Okay, yes. Sometimes it's ridiculously hard to have faith. You can feel like every good thing in your life is suddenly going sour - or perhaps the bad is starting to outweigh the good.
I have felt that way. More so in the last couple of days. But I am still putting effort and love into seeing the good things.
For example, on Tuesday, when it was too stormy for me to fulfill my work obligations, and I spent forty minutes searching for parking just so I could peruse the Save The Children Book Sale at UWA. I ended up going home, having a panic attack in the car on the way back, and realising when I got home that I'd been trying to operate through the beginnings of a migraine which ended up being a really terrible one which only just went away after taking my heaviest painkiller - which almost always causes some bad side-effects. There was lots of stress, pain, and emotional craziness.
And yet... there was also the sweetness of the people around me. Xin, who supported me through the panic attack and the stress of looking for things and realising I wasn't able to meet my work requirements. He gave me cuddles, made me tea. He was his wonderful self and even went and got me Grill'd for lunch. He is amazing.
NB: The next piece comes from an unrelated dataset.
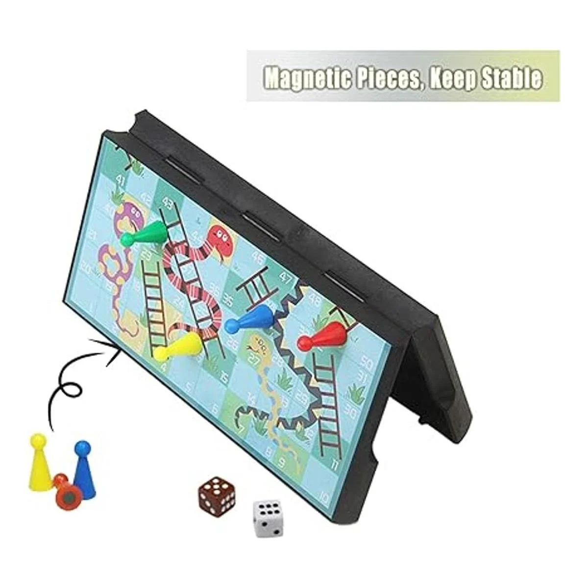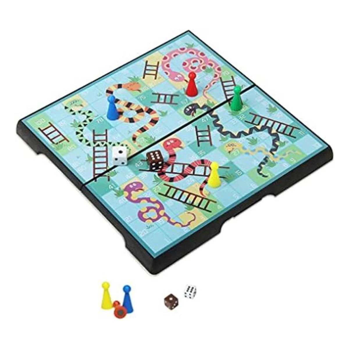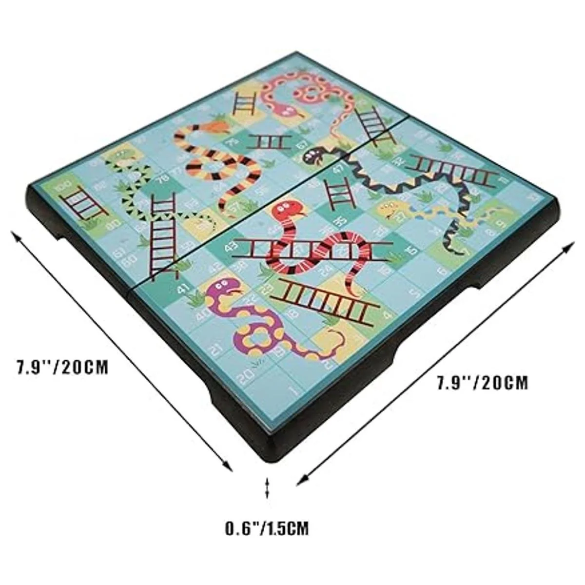 KOKOSUN Snakes and Ladders Mini juego de mesa de 7.9 pulgadas, con tablero de ajedrez plegable magnético, juguetes divertidos para la familia, regalo para niños y adultos

My mum, who encouraged me to look after myself, gave me a neck massage to help with my head pain, and getting me drinks. :3
My dad has been amazingly encouraging about my taking a new route, and both my parents have been great about my condition getting worse and offering me what support they can.
There are small things that can create beauty in each day. Like getting things in the mail (I really adore this), reading magazines that I love filled with informative articles that inspire me, reading in general!, tea (when I can drink it), and hearing from friends (sometimes even seeing them). Little messages from friends that encourage me to keep going regardless of how hard it's been lately. And...dreaming. Dreaming of the future that I want, the future that I adore.
Yes, I am still filled with anxiety and stress. But I have faith that things will get better. Things will fall into place. I have faith.